Wednesday 21 July 2010

Waun Ddu: Experiments in Terrain Texturing in CryEngine

One of the things that I have found a niggling problem in CryEngine (and for that matter in every game engine I have tried) is creating natural looking texture-mapped landscapes.  CryEngine offers a number of ways to achieve this, including painting textures directly onto the landscape, automatic mask generation based on elevation and slope and use of custom texture masks.  Using automatically generated masks one is restricted to simple slope or elevation classifications, based on the in-game terrain model (with its degraded resolution).  This is rarely wholly satisfactory, but at least better than the carpet-like effect of a single texture.

While it seems that texture variations based on products derived from the terrain model might be desirable, and represent real-world landscape change, as vegetation and landcover usually do vary in such a way, I'm keen to keep the original higher resolution terrain model as a base for these.  I've experimented with a variety of derived products from a GIS-based digital terrain model, in this instance based on 0.5m resolution airborne lidar data for the Medieval motte and Roman fortlet at Waun Ddu near to Llandovery in the Brecon Beacons.

DTM derived layers, hillshade, slope severity and solar radiation
Using ArcGIS I generated slope, hillshade and solar radiation maps of the terrain model.  These were used to create texture masks for CryEgnine (for a 512 x 512 terrain model Sandbox requires texture masks of 4096x4096 pixels in windows bitmap format).

The results are interesting.  Individual DTM derived texture masks produce more subtle terrain texturing than using Sandbox's built in tools.  The solar radiation mask (based on the amount of sunlight received at each location in the terrain model) is particularly useful for showing vegetation variations, which are often based on such factors.

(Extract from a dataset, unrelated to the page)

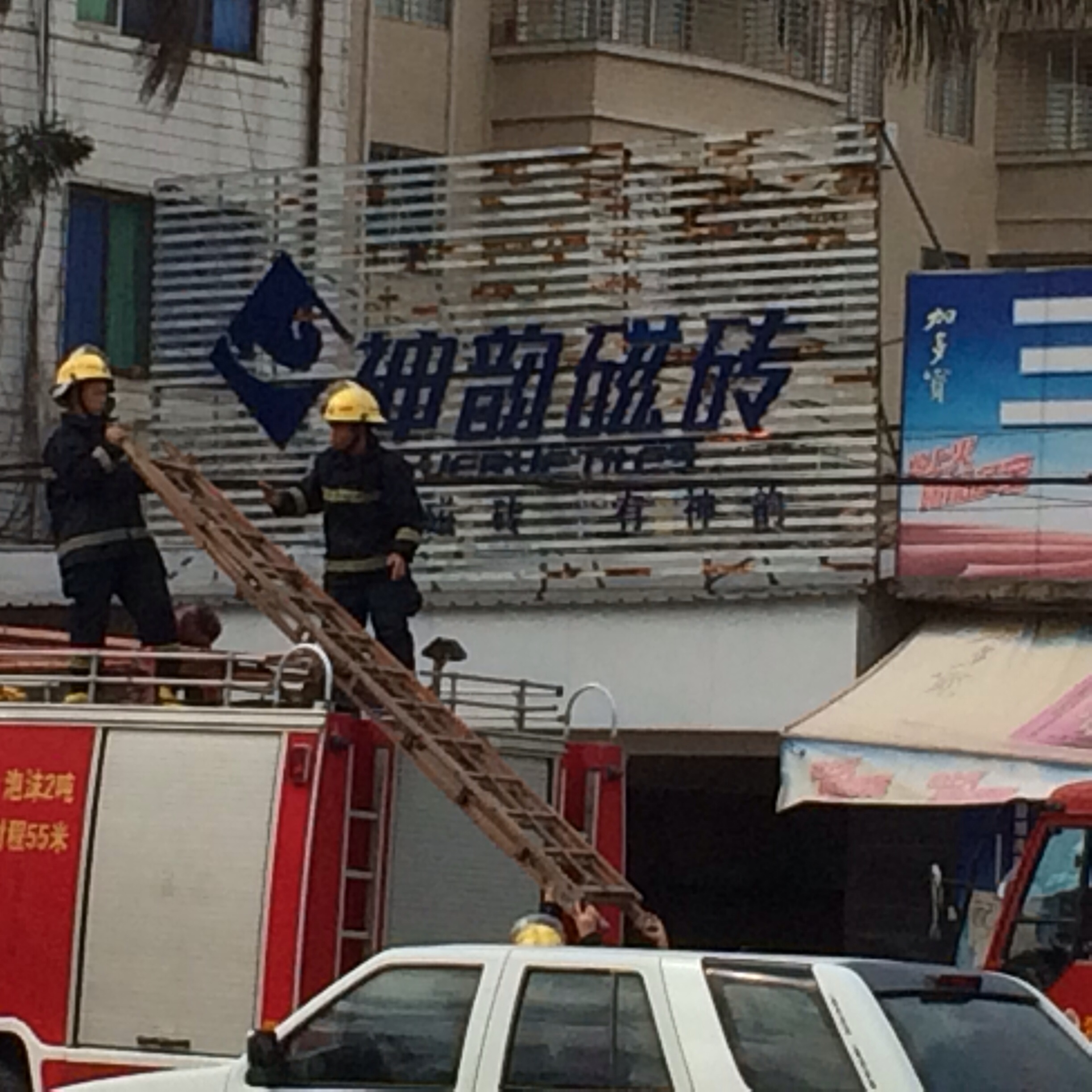 可能是招牌路线短路造成火警,出动两辆消防车,不到两分钟将火扑灭!。

Terrain variation based on solar radiation map
Terrain variation based on slope severity

The masks also work well together, with a plain base texture using slope to add rocky outcrops and solar radiation to vary vegetation

Combined base, slope severity and solar radiation texture mapping

This looks like a good way of adding naturalistic variations in terrain texture based on real topographic data and I shall be experimenting more with this in future.